As soon as the line containing "设置所需要计算得目标,如图所示,接下来设置可变区域和条件约束设置。" appears in the material below, start returning lines exactly, and end with the line containing "- alüminyum borular".

## Raw data
^^^^^^^^

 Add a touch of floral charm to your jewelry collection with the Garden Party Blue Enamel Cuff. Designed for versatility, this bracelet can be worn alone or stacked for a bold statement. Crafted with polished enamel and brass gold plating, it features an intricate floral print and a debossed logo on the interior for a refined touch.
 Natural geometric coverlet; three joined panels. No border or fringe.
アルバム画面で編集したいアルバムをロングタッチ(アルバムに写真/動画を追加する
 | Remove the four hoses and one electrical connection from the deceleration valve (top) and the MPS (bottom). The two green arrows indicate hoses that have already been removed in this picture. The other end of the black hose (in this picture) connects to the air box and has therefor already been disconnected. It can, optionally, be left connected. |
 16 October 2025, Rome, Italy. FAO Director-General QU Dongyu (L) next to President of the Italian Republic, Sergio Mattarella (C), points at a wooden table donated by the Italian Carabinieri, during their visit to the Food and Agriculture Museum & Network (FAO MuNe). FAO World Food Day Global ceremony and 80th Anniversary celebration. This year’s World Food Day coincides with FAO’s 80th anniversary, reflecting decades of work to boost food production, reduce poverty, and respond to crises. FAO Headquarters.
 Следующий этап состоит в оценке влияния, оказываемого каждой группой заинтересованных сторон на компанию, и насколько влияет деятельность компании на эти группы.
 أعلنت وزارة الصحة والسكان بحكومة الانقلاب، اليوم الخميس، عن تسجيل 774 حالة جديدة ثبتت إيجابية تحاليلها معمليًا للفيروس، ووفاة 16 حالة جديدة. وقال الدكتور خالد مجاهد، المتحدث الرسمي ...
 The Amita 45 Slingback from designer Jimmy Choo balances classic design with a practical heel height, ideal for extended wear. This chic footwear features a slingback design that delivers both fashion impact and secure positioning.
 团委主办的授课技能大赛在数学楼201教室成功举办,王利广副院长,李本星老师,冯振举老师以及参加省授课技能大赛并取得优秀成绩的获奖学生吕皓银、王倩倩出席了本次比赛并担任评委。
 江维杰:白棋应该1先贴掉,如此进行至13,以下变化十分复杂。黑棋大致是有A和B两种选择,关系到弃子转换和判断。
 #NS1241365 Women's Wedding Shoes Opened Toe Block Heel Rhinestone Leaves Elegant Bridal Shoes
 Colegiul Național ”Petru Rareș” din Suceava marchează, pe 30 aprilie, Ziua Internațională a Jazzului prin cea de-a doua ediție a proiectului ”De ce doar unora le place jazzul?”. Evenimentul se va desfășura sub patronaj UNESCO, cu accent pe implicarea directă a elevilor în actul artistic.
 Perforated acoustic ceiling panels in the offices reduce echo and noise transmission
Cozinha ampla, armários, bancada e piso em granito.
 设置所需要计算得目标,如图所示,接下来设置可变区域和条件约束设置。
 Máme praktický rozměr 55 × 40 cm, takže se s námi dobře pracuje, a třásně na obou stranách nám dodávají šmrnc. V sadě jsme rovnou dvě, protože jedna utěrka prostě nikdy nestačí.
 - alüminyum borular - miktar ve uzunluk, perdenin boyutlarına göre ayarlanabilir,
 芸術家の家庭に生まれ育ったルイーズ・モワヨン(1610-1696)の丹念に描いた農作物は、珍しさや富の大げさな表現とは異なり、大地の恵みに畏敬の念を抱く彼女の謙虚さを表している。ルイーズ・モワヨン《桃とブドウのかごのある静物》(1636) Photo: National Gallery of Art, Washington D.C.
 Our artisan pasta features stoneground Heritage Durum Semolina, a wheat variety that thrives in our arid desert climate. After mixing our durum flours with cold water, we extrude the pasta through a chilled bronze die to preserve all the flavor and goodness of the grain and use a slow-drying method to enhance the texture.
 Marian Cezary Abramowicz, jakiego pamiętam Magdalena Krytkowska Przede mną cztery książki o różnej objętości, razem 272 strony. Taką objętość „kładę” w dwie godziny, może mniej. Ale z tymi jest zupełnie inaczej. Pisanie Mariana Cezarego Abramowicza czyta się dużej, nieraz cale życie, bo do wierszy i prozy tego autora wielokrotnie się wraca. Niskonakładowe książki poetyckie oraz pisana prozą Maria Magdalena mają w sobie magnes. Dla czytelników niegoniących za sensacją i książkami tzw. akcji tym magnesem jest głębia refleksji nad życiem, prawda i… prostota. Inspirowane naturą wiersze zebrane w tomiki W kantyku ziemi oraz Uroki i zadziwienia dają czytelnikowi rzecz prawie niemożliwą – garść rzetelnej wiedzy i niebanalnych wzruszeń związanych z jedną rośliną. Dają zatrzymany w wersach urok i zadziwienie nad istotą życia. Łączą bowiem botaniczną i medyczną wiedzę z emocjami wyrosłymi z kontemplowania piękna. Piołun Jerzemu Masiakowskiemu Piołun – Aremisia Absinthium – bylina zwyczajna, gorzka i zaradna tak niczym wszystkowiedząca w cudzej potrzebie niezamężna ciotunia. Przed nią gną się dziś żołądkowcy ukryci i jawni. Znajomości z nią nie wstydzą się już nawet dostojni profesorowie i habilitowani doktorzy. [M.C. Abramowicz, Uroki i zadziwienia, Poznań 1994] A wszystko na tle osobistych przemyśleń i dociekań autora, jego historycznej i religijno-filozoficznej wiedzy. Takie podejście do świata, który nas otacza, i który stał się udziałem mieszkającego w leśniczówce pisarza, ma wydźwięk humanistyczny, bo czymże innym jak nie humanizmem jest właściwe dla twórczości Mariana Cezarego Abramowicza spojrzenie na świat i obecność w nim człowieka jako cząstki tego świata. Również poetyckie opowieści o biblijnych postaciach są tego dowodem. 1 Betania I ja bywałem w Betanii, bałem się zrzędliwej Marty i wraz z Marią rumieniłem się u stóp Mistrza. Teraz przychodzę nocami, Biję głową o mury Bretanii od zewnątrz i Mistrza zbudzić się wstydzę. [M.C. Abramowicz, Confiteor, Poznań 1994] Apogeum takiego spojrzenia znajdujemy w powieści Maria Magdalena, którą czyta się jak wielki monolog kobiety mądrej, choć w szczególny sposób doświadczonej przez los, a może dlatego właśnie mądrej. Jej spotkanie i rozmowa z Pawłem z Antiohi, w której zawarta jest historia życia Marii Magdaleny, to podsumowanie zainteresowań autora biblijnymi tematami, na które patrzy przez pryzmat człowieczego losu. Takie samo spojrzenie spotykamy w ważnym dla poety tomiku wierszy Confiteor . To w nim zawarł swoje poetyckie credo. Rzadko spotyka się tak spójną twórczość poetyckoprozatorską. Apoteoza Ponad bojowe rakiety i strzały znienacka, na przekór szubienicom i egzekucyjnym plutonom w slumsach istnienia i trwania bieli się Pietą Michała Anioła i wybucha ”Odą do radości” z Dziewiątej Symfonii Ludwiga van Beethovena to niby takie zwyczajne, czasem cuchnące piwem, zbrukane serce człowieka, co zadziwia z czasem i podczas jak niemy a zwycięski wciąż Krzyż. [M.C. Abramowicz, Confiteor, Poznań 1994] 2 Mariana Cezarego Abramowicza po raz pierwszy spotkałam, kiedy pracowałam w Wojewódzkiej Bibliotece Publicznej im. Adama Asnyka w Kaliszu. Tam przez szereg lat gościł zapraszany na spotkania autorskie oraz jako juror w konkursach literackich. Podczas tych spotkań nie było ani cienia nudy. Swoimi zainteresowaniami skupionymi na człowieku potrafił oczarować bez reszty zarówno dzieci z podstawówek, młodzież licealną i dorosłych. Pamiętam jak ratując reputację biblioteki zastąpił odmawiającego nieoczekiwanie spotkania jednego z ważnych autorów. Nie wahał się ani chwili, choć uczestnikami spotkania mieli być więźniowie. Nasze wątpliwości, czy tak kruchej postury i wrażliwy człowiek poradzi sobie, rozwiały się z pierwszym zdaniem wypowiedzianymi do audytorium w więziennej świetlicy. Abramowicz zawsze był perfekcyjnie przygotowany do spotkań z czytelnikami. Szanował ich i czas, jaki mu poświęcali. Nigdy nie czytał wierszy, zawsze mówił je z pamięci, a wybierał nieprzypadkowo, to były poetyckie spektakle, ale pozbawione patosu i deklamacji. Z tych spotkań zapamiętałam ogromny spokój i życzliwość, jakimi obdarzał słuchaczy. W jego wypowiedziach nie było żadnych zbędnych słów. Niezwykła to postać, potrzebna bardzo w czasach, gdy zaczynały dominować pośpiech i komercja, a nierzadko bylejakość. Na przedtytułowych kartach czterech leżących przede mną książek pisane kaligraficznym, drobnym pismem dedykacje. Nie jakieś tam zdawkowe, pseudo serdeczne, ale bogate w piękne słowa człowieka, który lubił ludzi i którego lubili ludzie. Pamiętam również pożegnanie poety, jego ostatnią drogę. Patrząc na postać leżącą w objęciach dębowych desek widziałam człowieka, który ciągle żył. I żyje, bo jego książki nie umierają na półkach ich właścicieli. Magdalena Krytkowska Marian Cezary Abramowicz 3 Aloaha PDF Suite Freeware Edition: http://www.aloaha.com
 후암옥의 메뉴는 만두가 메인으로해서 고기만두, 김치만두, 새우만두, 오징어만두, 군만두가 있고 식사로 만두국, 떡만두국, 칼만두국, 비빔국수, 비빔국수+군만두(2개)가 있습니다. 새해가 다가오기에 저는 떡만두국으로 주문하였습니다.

^^^^^^^^

## Problem solution
 设置所需要计算得目标,如图所示,接下来设置可变区域和条件约束设置。
 Máme praktický rozměr 55 × 40 cm, takže se s námi dobře pracuje, a třásně na obou stranách nám dodávají šmrnc. V sadě jsme rovnou dvě, protože jedna utěrka prostě nikdy nestačí.
 - alüminyum borular - miktar ve uzunluk, perdenin boyutlarına göre ayarlanabilir,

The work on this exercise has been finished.